Abstract
The survival of patients with malignant hypertension (MHT) has considerably improved over the past decades. Data regarding the excess risk of mortality and the contribution of conventional cardiovascular risk factors are lacking. The authors retrospectively assessed cardiovascular risk factors and all‐cause mortality in 120 patients with a history of MHT and compared them with 120 normotensive and 120 hypertensive age‐, sex‐, and ethnicity‐matched controls. Total cholesterol, low‐density lipoprotein cholesterol, and body mass index were lower in MHT patients compared with hypertensive controls, whereas blood pressure, high‐density lipoprotein cholesterol, and smoking habit were similar. Median estimated glomerular filtration rate was lower in MHT patients compared with normotensive and hypertensive controls (both P<.01). The annual incidence of all‐cause mortality per 100 patient‐years was higher in MHT patients (2.6) compared with normotensive (0.2) and hypertensive (0.5) controls (both P<.01). Mortality of patients with a history of MHT remains high compared with normotensive and hypertensive controls. Patients with MHT had a more favorable cardiovascular risk profile compared with hypertensive controls but a higher prevalence of renal insufficiency.
Malignant hypertension (MHT) is a hypertensive emergency characterized by severe hypertension and acute microvascular complications including grade III or IV hypertensive retinopathy. If left untreated, the 5‐year survival rate is <5% mainly because of stroke, myocardial infarction, congestive heart failure, and end‐stage renal disease.1, 2, 3 With the availability of antihypertensive drugs and improved patient care, mortality has been markedly reduced to approximately 10% after 5 years.2, 4 This is still considerable, however, given the relatively young study populations, with an average age varying between 40 and 50 years at presentation.2, 5
Previous cohort studies, including our own, have shown that renal dysfunction is an important predictor of mortality in patients with MHT,2, 4 while other studies suggest a role of traditional cardiovascular risk factors such as excess smoking, decreased levels of high‐density lipoprotein (HDL), and poor blood pressure (BP) control.6, 7, 8, 9 However, most of these studies lack a control population thereby limiting the internal validity. Nonetheless, insight into the excess risk of cardiovascular disease and mortality in patients with a history of MHT is required to identify which preventive measures may further improve outcome of this extreme phenotype of hypertension‐related organ damage.
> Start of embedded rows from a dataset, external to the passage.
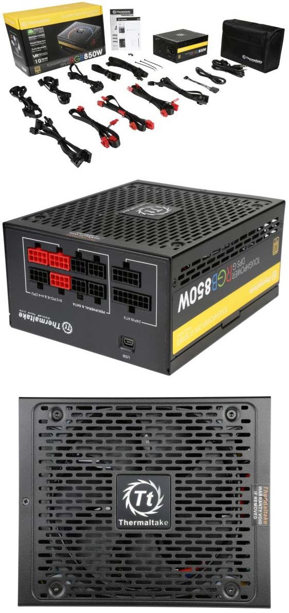 Серия называется Toughpower DPS G RGB Gold, изделия в неё входящие имеют мощность 650/750/850 ватт. Решения полностью модульного исполнения, в них используются японские конденсаторы, для охлаждения задействован 140мм тихий вентилятор с RGB подсветкой. Благодаря наличию некоего 32-разрядного блока микроконтроллера, можно программно мониторить состояние блока питания с мобильных устройств, где бы не находился владелец.
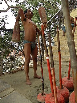 Langot is a male sports gear and undergarment, associated with almost every form of physically straining sports like kushti and kabaddi of Indian traditions. It has been worn by henchmen and sportsmen during practices and sessions, in a similar way to the contemporary use of gym shorts and jock briefs since ancient times. Wrestlers and bodyguards also wear a abdominal guard underneath, to protect and support their genitals.
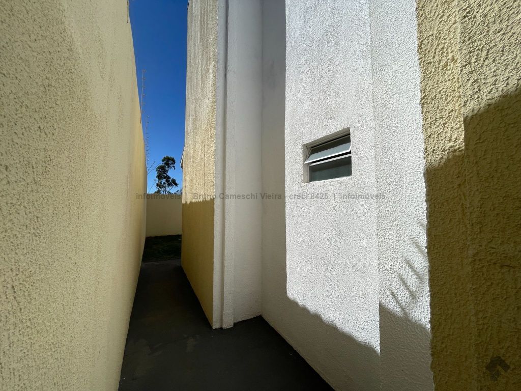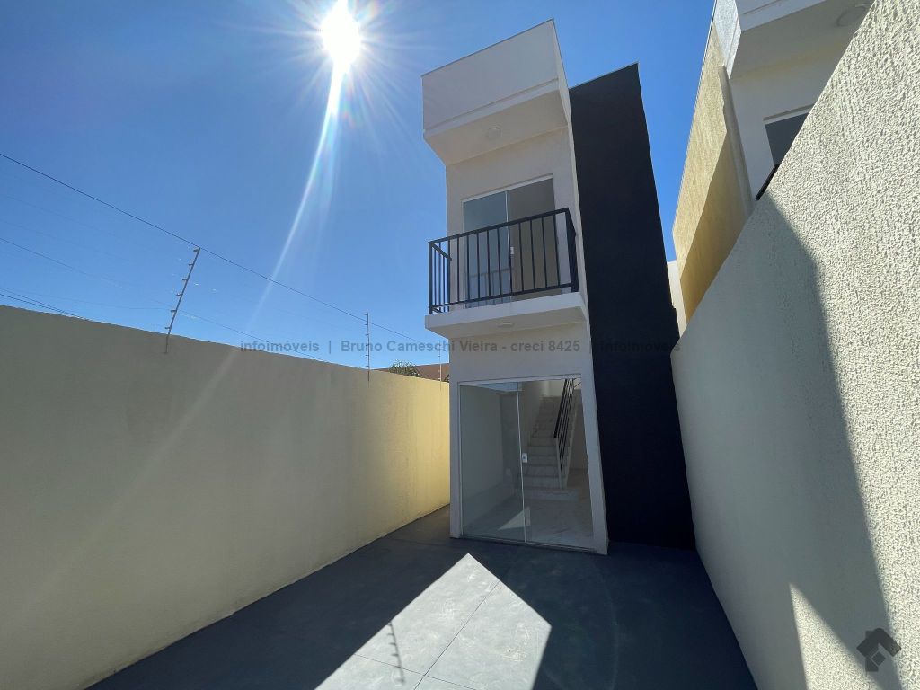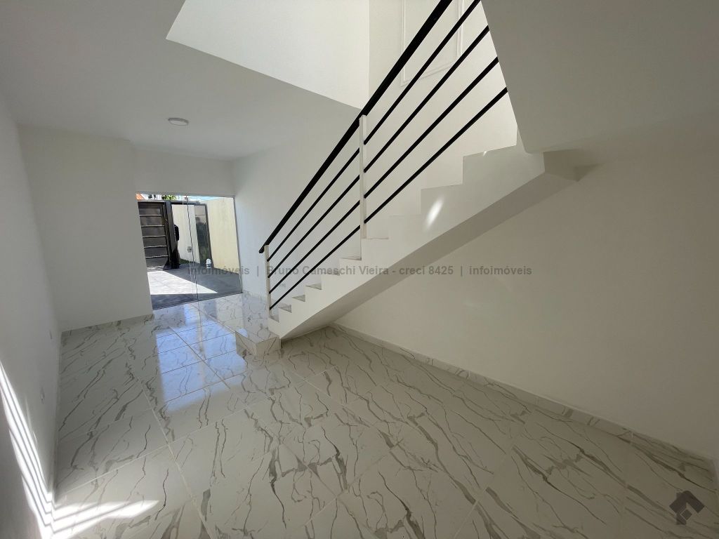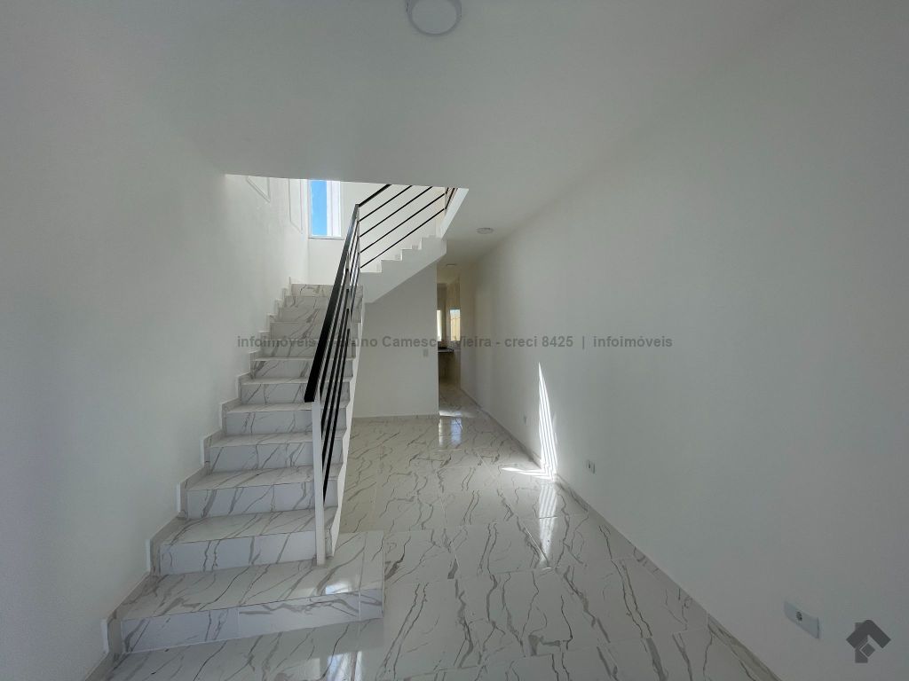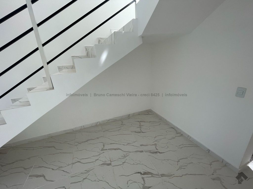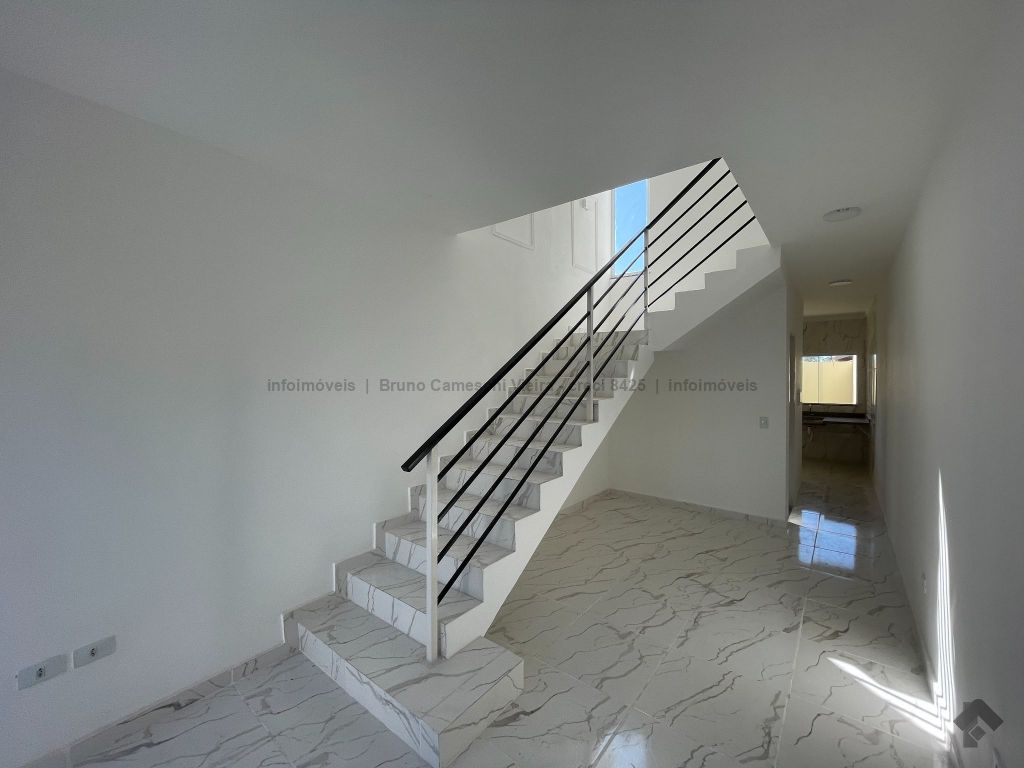Possui 2 pavimentos, 1 banheiro social no térreo, sala para 2 ambientes, espaço livre embaixo da escada para construção de barzinho ou home-office, no piso superior 2 quartos, sendo 1 deles com sacada, 1 cozinha fechada, espaço de garagem para 1 carro e espaço nos fundos para construção de área gourmet ou piscina.

Therefore, the principle aim of this study was to quantify the excess mortality risk in patients with a history of MHT. The second aim was to investigate whether traditional cardiovascular risk factors contribute to the increased risk. To this end, we compared cardiovascular risk factors and all‐cause mortality of patients with a history of MHT with age‐, sex‐, and ethnicity‐matched normotensive (NT) and hypertensive (HT) controls.
Methods
Participants
We used a case‐control design to compare patients with a history of MHT with NT and HT controls. The selection of patients with a history of MHT has been previously described.4 Briefly, we searched the database of a large teaching hospital in Amsterdam, The Netherlands. The diagnosis at discharge is recorded in this database according to the International Classification of Diseases (ICD) codes. All charts of patients admitted between August 1992 and January 2010 with MHT or related diagnoses were reviewed for clinical criteria of MHT, including (1) diastolic BP ≥120 mm Hg and (2) presence of grade III or IV hypertensive retinopathy.10 Excluded were patients younger than 18 years, pregnant women, and patients who were already undergoing dialysis before admission. Patients referred from elsewhere were excluded to prevent referral bias.
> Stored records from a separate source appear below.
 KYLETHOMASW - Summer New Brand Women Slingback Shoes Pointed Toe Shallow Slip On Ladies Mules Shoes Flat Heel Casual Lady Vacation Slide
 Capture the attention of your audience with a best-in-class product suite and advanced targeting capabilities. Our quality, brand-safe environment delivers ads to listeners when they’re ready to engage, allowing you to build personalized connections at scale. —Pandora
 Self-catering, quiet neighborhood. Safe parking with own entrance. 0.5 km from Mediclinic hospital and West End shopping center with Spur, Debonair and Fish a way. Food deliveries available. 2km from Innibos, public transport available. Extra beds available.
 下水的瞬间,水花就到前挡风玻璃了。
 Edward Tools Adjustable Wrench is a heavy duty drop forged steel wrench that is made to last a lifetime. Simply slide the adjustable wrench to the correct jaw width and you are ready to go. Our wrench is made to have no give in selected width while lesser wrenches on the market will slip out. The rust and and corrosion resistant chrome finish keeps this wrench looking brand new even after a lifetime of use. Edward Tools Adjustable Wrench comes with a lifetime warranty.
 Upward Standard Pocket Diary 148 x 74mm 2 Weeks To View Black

Patients with a history of MHT were individually matched for age, sex, and ethnicity with NT and HT control patients from the Surinamese in The Netherlands: Study on Ethnicity and Health (SUNSET), a large population‐based study among noninstitutional adults.11 The SUNSET study was carried out between 2001 and 2003 to assess the cardiovascular risk profile of 35‐ to 60‐year‐old people of European, African, and South‐Asian origin in Amsterdam, in the catchment area of our hospital. In total, 1383 persons of South‐Asian, African, and European origin participated in an interview and physical examination and were followed through the national medical registration database until December 23, 2007. Self‐reported ethnicity was used for classification in ethnic groups. Black patients were from sub‐Saharan African descent, mainly from Ghana and Nigeria. Asian patients were mainly from the Sub‐Indian continent, whereas white patients were of West‐European ancestry. Patients with a history of MHT who were either younger or older than NT and HT controls from SUNSET were matched with controls closest to their own age.
Data Collection and Definitions
Vital status was assessed by inquiry of the municipal administration registries. For patients with a history of MHT, the cause of death was retrieved from the medical file or from general physicians. In addition, we recorded follow‐up data on cardiovascular events of these patients. Data derived within 3 months after admission of patients with a history of MHT were censored, because death or cardiovascular events occurring during this period could be attributable to the acute episode of MHT. For NT and HT controls, data on the cause of death or the number of cardiovascular events were not available.
All conventional cardiovascular risk factors including age, sex, ethnicity, systolic and diastolic BP, body mass index (BMI), smoking, lipid profile, statin use, fasting glucose, presence of diabetes mellitus, plasma creatinine, and proteinuria were assessed at the entry of the SUNSET study for NT and HT controls. For patients with a history of MHT, age, sex, ethnicity, smoking status, and presence of left ventricular hypertrophy were assessed at initial admission. Left ventricular hypertrophy was considered present when detected by cardiac ultrasonography or by electrocardiography according to the Sokolow‐Lyon criteria. Systolic and diastolic BP, lipid profile, statin use, fasting glucose, prevalence of diabetes, BMI, plasma creatinine, and proteinuria were documented during a follow‐up visit at the outpatient department using a standardized risk assessment identical to the SUNSET study. Values assessed more than 2 years after admission were excluded. The median time between admission and cardiovascular risk assessment was 5 months, with an interquartile range (IQR) of 2 to 10 months after presentation.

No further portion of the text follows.